Friday, March 29, 2013

"Nothing Daunted" by Dorothy Wickenden

The full title of this book is Nothing Daunted:  The Unexpected Education of Two Society Girls in the West.  It's the story of how two young women from Connecticut (one of them the author's grandmother) went to Colorado in 1916 to teach school for a year.  In telling their story, the author also includes a bit of a history of that part of Colorado, the life stories of several of the people they meet there, and what happens to the two girls during the rest of their lives. 

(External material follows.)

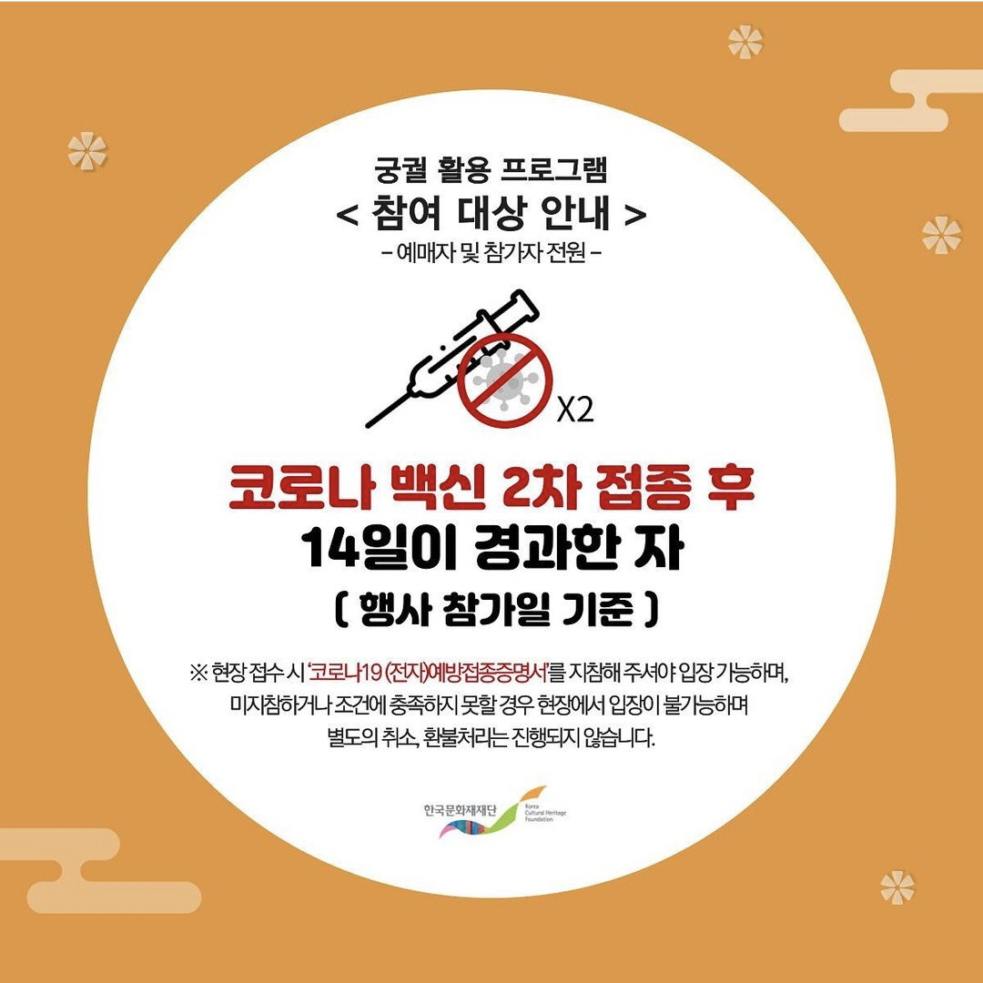한국문화재재단에서 운영하는 궁궐활용 프로그램의 예매는 접종 완료자를 중심으로 일상회복을 지원하는 정부 정책 방향에 따라, 코로나 백신 2차 접종 후 14일이 경과한 분만 가능합니다.
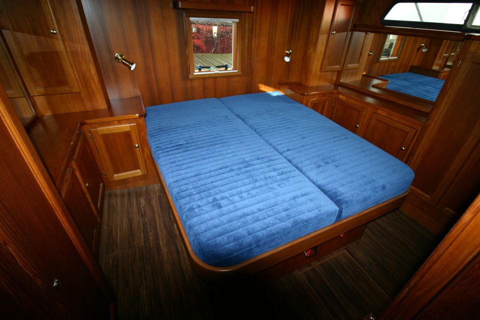 In de achterkajuit geniet je van een royaal tweepersoonsbed met lattenbodem. Ook hier is een tweede, zeer ruime badkamer aanwezig met elektrisch toilet, wastafel en een grote douche.

Dorothy Woodruff and Rosamond Underwood both came from wealthy families, graduated from college, spent a year together in Europe, and did not want to marry right away and raise families.  They wanted to make a difference, to be helpful and useful to other people outside their own circles.  So they answered a request for teachers at a new school in a rural Colorado community.  Despite having no teaching experience or training, off they went, embarking on an adventure that would gain one of them a husband and both of them a new outlook on life.  They taught those children about the world, about reading and writing and arithmetic.  But those hardy families still living the pioneer life while the rest of the world was tumbling toward World War I -- they taught Dorothy and Rosamond what strength of character and will really meant.

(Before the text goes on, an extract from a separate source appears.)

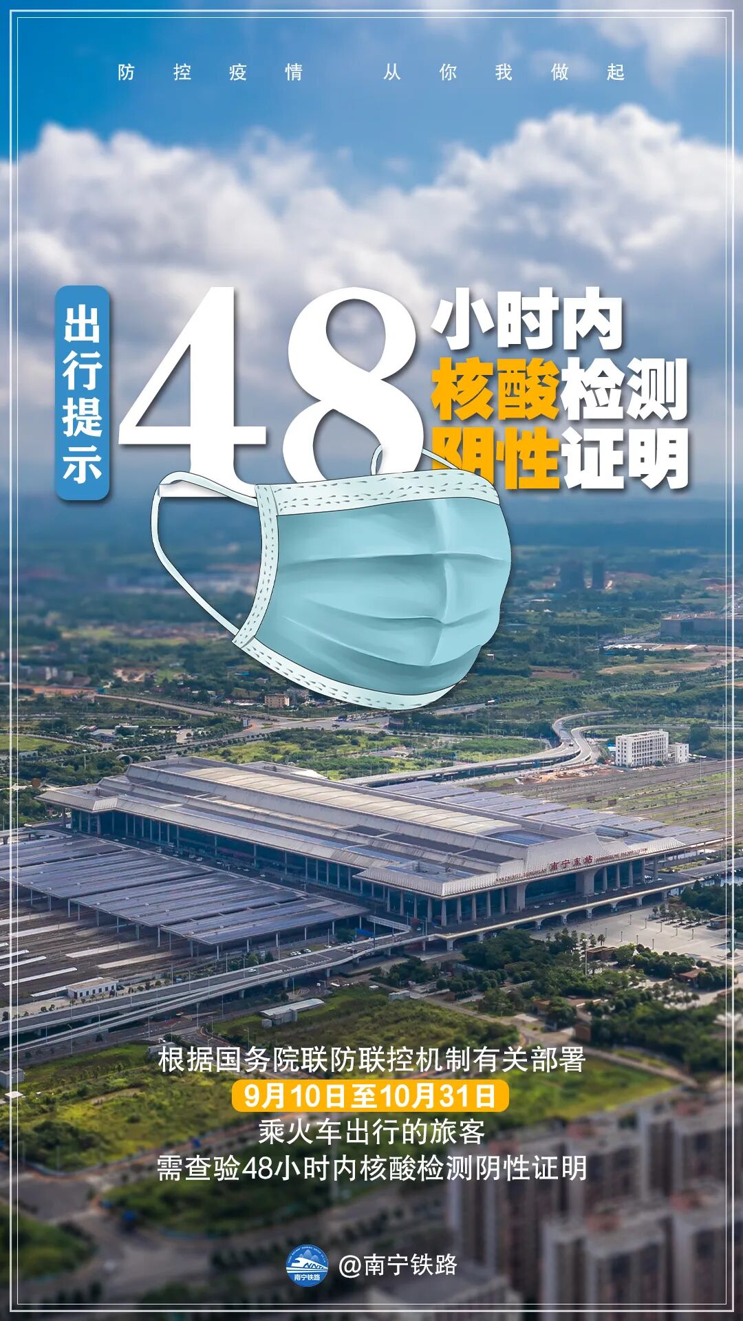 乘火车出行的旅客请提前安排核酸检测,进站时需查验48小时内核酸检测阴性证明,确保出行顺畅。

I love history, and I love reading about pioneers and cowboys, so this book fitted my interests very nicely.  I also really liked the contrast between these women's ideas on things like marriage and the way people view them today.  For instance, when one of them received a marriage proposal, she realized "I really was very much in love with him and he was the man I wanted to spend the rest of my life with" (pg 140).  Do you see that?  She wasn't swayed only by emotion and sentiment -- she was also ready to make a lifelong commitment to this man, and had turned down other suitors previously because she could not see herself spending her whole life with them.  I was particularly struck by how both of these women insisted on marrying not merely for love, but for the rest of their lives.  If only more people were like that today!

If this was a movie, I would rate it:  G.  Nothing objectionable whatsoever!

You might enjoy this if you like these:  the Little House books by Laura Ingalls Wilder or Christy by Catherine Marshall.